▶ **DATASET CONTENT**:
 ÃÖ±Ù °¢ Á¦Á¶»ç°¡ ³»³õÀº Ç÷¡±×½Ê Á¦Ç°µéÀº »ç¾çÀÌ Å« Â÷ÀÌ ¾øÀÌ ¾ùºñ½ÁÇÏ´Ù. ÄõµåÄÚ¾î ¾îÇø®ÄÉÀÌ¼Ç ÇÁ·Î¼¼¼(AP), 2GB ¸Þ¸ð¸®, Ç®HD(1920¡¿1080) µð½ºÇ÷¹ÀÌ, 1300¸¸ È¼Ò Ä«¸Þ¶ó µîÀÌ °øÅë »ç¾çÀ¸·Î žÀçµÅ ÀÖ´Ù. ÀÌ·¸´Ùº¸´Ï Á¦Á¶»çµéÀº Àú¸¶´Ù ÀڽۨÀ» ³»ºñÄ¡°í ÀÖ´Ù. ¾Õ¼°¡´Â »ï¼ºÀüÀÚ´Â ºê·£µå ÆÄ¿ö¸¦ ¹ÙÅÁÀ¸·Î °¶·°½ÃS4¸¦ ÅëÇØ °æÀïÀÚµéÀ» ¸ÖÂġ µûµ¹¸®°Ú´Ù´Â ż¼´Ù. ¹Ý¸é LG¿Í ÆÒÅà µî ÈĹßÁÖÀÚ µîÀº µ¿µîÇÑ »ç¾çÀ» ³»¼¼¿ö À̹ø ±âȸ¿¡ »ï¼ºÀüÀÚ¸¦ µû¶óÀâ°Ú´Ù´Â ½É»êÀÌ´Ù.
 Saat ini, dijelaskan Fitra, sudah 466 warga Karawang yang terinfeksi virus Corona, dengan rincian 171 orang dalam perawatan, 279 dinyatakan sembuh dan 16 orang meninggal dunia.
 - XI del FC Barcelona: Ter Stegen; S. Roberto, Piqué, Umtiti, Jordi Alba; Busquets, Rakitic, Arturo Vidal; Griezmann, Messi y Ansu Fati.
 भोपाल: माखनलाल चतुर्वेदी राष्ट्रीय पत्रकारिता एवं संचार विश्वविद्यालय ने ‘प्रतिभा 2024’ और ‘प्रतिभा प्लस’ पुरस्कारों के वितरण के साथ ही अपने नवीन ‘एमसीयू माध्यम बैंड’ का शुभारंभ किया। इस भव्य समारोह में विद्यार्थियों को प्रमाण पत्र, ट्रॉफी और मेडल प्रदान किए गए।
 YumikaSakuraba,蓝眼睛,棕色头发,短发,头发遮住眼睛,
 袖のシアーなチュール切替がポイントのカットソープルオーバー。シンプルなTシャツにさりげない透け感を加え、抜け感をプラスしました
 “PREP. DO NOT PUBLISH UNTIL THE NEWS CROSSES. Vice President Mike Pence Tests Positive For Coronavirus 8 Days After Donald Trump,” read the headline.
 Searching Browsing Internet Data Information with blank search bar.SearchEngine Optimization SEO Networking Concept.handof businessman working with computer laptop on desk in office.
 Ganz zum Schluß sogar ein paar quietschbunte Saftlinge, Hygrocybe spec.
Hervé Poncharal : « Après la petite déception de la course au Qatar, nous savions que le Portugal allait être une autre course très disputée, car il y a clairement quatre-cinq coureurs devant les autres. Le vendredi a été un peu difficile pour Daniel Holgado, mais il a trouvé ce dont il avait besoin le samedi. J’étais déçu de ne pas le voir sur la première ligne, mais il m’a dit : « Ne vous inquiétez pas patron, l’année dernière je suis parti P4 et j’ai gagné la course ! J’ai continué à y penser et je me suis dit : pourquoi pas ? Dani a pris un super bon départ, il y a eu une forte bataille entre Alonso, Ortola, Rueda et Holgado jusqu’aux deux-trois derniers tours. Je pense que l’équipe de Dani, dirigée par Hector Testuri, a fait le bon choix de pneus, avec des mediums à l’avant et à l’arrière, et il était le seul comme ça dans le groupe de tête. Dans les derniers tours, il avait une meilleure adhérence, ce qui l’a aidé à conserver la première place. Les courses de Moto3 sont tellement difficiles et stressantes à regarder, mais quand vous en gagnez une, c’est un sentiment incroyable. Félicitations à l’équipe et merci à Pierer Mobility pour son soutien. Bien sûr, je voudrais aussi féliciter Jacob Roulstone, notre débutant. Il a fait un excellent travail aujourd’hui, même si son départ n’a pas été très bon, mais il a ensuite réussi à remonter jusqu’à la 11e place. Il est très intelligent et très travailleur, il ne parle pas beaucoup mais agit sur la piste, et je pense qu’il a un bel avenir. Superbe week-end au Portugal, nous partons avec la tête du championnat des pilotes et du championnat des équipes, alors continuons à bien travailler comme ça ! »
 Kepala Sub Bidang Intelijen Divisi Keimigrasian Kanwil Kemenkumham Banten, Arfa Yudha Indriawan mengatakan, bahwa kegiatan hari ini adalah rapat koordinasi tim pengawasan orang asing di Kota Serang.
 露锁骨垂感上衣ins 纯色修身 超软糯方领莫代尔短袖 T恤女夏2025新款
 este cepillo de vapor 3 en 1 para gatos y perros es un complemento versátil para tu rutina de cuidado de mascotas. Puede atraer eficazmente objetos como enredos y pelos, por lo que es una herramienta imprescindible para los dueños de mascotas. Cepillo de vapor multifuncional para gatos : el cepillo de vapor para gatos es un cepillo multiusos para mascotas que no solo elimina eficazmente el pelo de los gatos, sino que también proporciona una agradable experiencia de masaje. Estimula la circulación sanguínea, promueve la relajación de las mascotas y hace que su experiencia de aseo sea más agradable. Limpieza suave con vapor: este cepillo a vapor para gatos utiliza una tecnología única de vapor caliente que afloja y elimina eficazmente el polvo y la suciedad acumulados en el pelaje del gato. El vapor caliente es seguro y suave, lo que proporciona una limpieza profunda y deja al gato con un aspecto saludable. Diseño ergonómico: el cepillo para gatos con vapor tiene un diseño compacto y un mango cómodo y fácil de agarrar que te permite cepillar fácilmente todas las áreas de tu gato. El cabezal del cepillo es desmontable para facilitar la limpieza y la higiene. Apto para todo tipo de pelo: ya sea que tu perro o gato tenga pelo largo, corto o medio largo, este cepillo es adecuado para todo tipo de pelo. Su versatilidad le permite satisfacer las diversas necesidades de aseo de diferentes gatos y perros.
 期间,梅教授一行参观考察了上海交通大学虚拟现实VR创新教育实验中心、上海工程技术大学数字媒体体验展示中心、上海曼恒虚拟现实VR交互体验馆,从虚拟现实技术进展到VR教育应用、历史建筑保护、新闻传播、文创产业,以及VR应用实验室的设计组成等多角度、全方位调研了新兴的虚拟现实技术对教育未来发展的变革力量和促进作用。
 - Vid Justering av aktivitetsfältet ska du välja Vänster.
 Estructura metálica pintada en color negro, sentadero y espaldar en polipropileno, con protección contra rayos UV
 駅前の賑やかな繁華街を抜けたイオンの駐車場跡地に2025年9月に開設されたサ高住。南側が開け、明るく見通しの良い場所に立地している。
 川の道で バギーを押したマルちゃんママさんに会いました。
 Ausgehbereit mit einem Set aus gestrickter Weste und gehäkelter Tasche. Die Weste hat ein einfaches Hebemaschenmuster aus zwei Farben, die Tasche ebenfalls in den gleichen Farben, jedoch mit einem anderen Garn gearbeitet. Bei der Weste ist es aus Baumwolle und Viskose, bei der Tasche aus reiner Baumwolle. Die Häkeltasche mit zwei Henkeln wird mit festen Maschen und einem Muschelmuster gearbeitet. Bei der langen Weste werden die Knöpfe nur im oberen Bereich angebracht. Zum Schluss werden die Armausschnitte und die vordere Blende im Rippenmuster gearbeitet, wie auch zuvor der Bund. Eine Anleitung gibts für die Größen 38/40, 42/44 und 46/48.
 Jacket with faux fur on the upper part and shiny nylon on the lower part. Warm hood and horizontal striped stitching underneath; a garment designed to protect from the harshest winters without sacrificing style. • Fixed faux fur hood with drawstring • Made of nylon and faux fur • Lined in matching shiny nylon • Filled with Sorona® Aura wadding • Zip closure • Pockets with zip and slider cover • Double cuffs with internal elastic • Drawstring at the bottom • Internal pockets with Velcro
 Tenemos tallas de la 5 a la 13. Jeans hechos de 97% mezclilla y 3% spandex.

▶ **TASK TO COMPLETE**: Repeat, character for character, the lines of the material above from the line with "期间,梅教授一行参观考察了上" through the line with "Ausgehbereit mit einem".

▶ **THE ANSWER**:
 期间,梅教授一行参观考察了上海交通大学虚拟现实VR创新教育实验中心、上海工程技术大学数字媒体体验展示中心、上海曼恒虚拟现实VR交互体验馆,从虚拟现实技术进展到VR教育应用、历史建筑保护、新闻传播、文创产业,以及VR应用实验室的设计组成等多角度、全方位调研了新兴的虚拟现实技术对教育未来发展的变革力量和促进作用。
 - Vid Justering av aktivitetsfältet ska du välja Vänster.
 Estructura metálica pintada en color negro, sentadero y espaldar en polipropileno, con protección contra rayos UV
 駅前の賑やかな繁華街を抜けたイオンの駐車場跡地に2025年9月に開設されたサ高住。南側が開け、明るく見通しの良い場所に立地している。
 川の道で バギーを押したマルちゃんママさんに会いました。
 Ausgehbereit mit einem Set aus gestrickter Weste und gehäkelter Tasche. Die Weste hat ein einfaches Hebemaschenmuster aus zwei Farben, die Tasche ebenfalls in den gleichen Farben, jedoch mit einem anderen Garn gearbeitet. Bei der Weste ist es aus Baumwolle und Viskose, bei der Tasche aus reiner Baumwolle. Die Häkeltasche mit zwei Henkeln wird mit festen Maschen und einem Muschelmuster gearbeitet. Bei der langen Weste werden die Knöpfe nur im oberen Bereich angebracht. Zum Schluss werden die Armausschnitte und die vordere Blende im Rippenmuster gearbeitet, wie auch zuvor der Bund. Eine Anleitung gibts für die Größen 38/40, 42/44 und 46/48.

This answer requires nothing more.